[Source records]

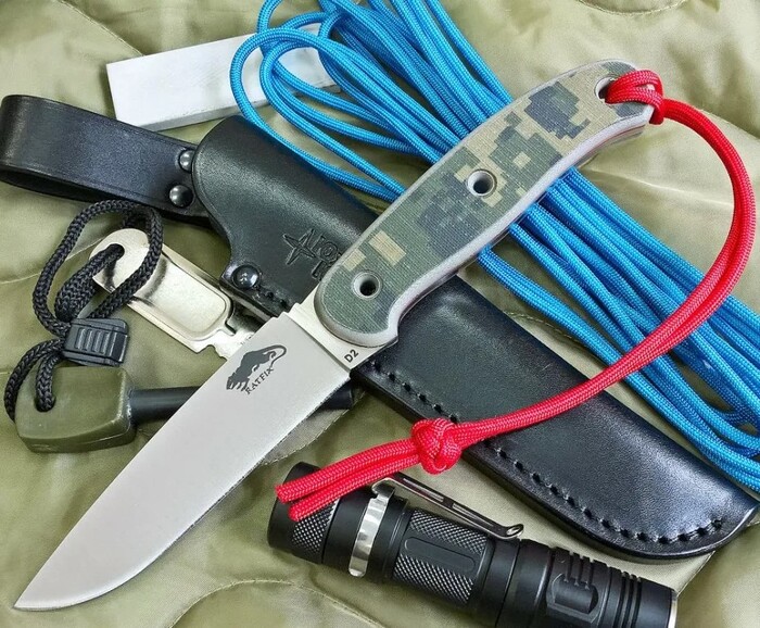 Немного ТТХ. Клинок у «Крысы» - длиной 8.89см, обух – 3мм, твёрдость – 56-58 ед. по шкале Роквелла. Такой клинок неплохо держит заточку и при этом легко правится даже в полевых условиях.
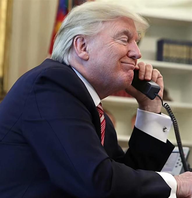特朗普打电话画面 资料图(图片来源:参考消息)
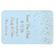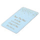 Cet aimant flexible Save the Date est affiché dans une couleur bleu clair avec de petites étoiles dorées. Customisez ce point et modifiez le texte à votre place avec ce modèle.
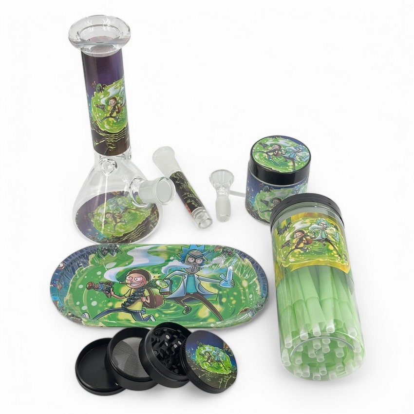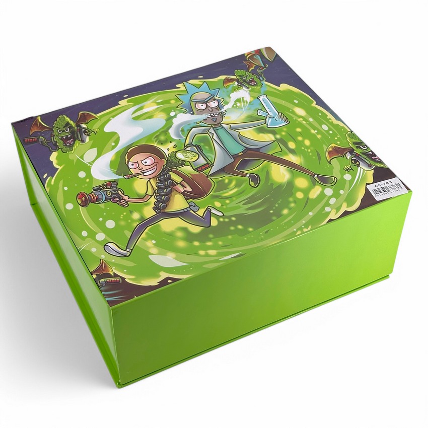 Cosmic Portal Deluxe Set — это полноценный подарочный набор для ценителей стильных аксессуаров. В центре набора — крепкий стеклянный бонг с насыщенной графикой в динамичном фантастическом стиле. На принтах изображены персонажи, попавшие в вихрь межпространственных приключений — ярко, детально и очень атмосферно.
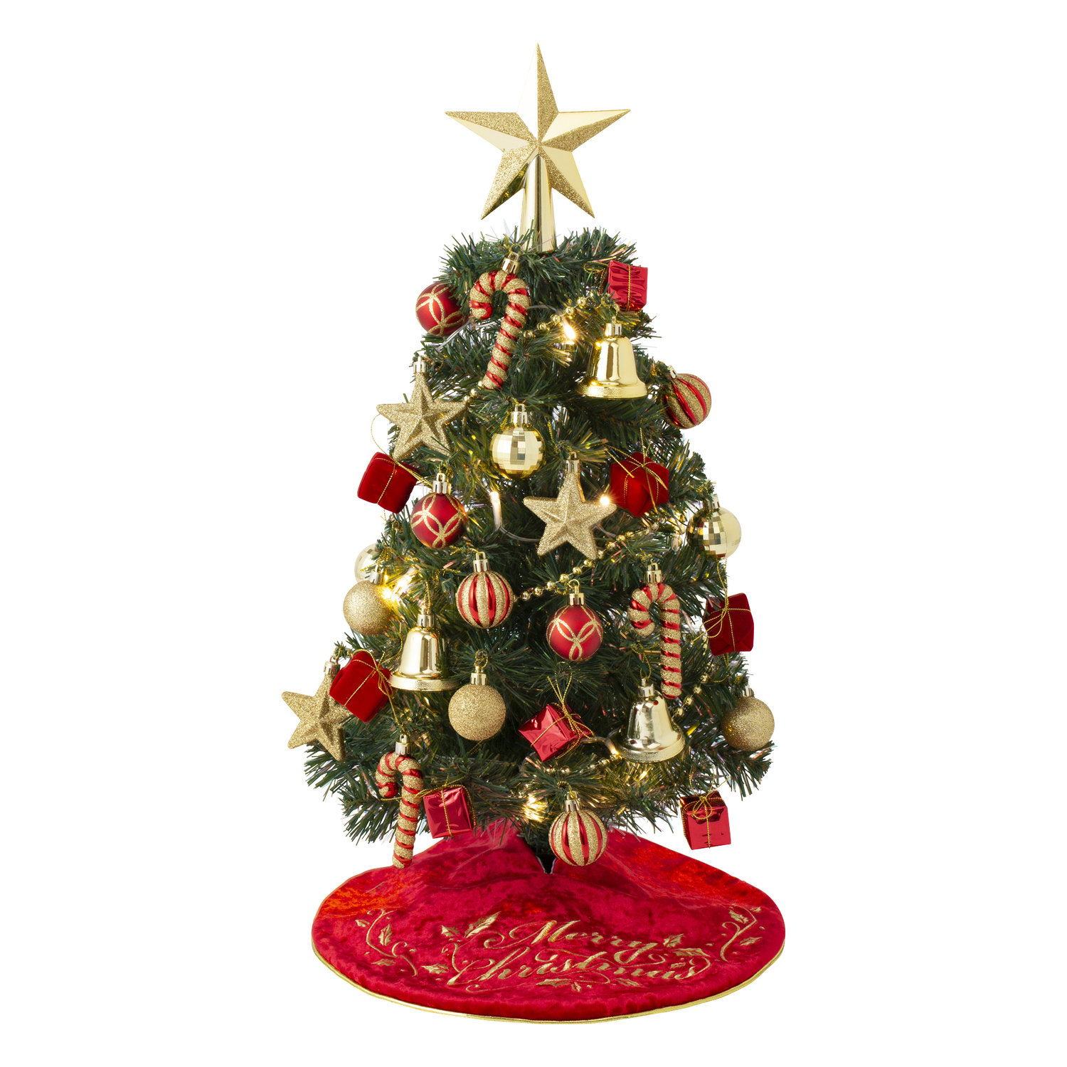 ツリー、オーナメント、ツリースカート、チェーン、ツリートップ、LED ライトがすべて揃ったスターターセットです
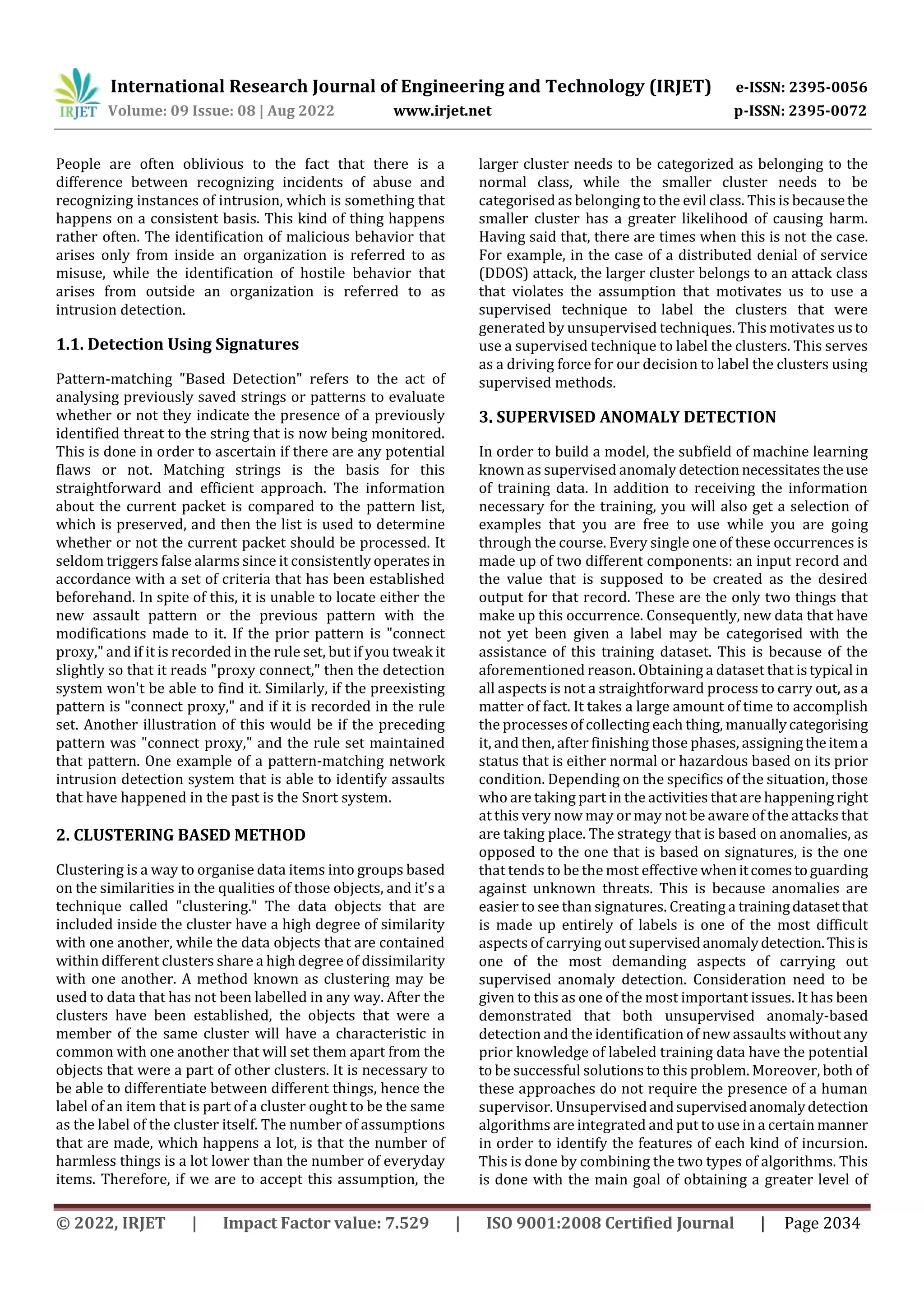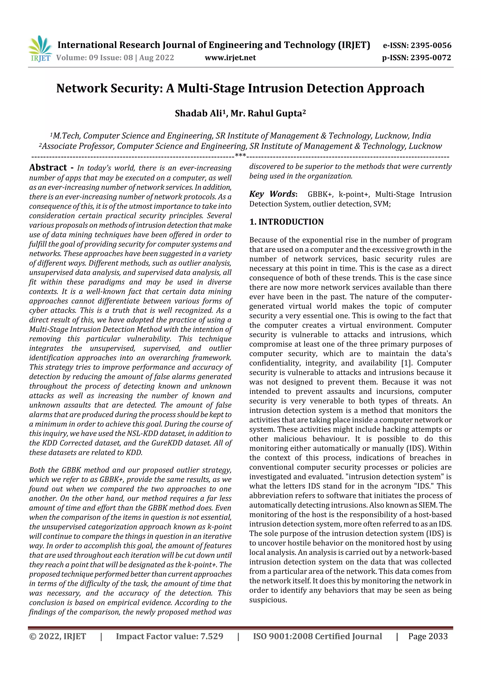 This document discusses a multi-stage intrusion detection approach that integrates unsupervised, supervised, and outlier detection methods. It evaluates the proposed approach on several datasets and finds it performs better than current methods in terms of accuracy and detection of known and unknown attacks while reducing false alarms. Specifically, it combines unsupervised clustering, supervised anomaly detection using support vector machines (SVM), and outlier analysis using the k-point+ and GBBK+ methods in a staged framework. Simulations show the approach effectively manages outliers and missing data. A complexity analysis finds the proposed method and prior approaches have the same asymptotic complexity but the new method provides better results for large datasets. Performance analysis using SVM on datasets both with and without outliers identified by the
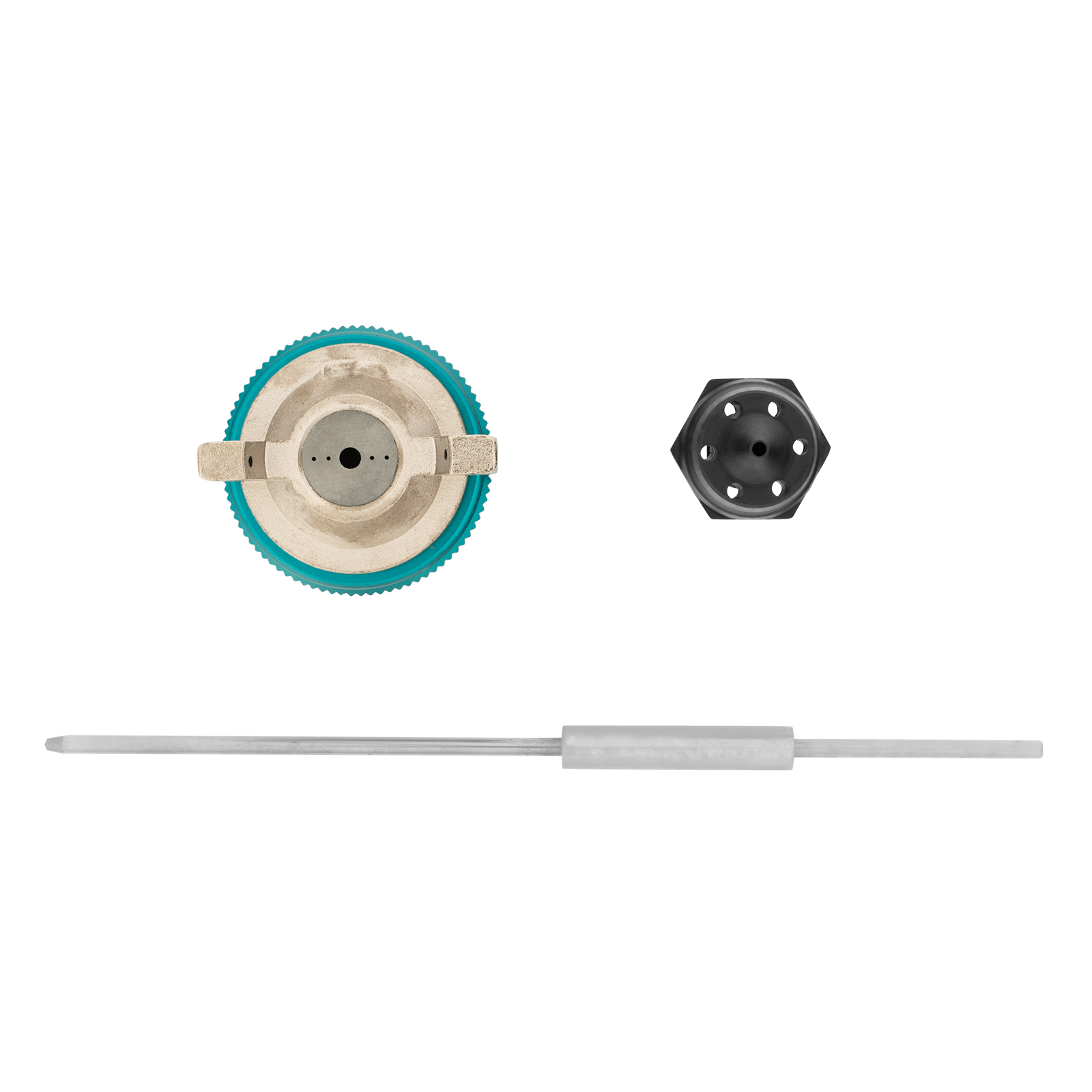 - Широкая комплектация — к краскораспылителю прилагается дополнительный дюзовый комплект (сопло, воздушная форсунка и игла), универсальный ключ и удобный ершик для быстрой очистки.

*Problem statement*. Give back the lines from the one containing "This document discusses" through the last line of the records above exactly as they appear, both included, and no pictures.

*Task output*.
 This document discusses a multi-stage intrusion detection approach that integrates unsupervised, supervised, and outlier detection methods. It evaluates the proposed approach on several datasets and finds it performs better than current methods in terms of accuracy and detection of known and unknown attacks while reducing false alarms. Specifically, it combines unsupervised clustering, supervised anomaly detection using support vector machines (SVM), and outlier analysis using the k-point+ and GBBK+ methods in a staged framework. Simulations show the approach effectively manages outliers and missing data. A complexity analysis finds the proposed method and prior approaches have the same asymptotic complexity but the new method provides better results for large datasets. Performance analysis using SVM on datasets both with and without outliers identified by the
 - Широкая комплектация — к краскораспылителю прилагается дополнительный дюзовый комплект (сопло, воздушная форсунка и игла), универсальный ключ и удобный ершик для быстрой очистки.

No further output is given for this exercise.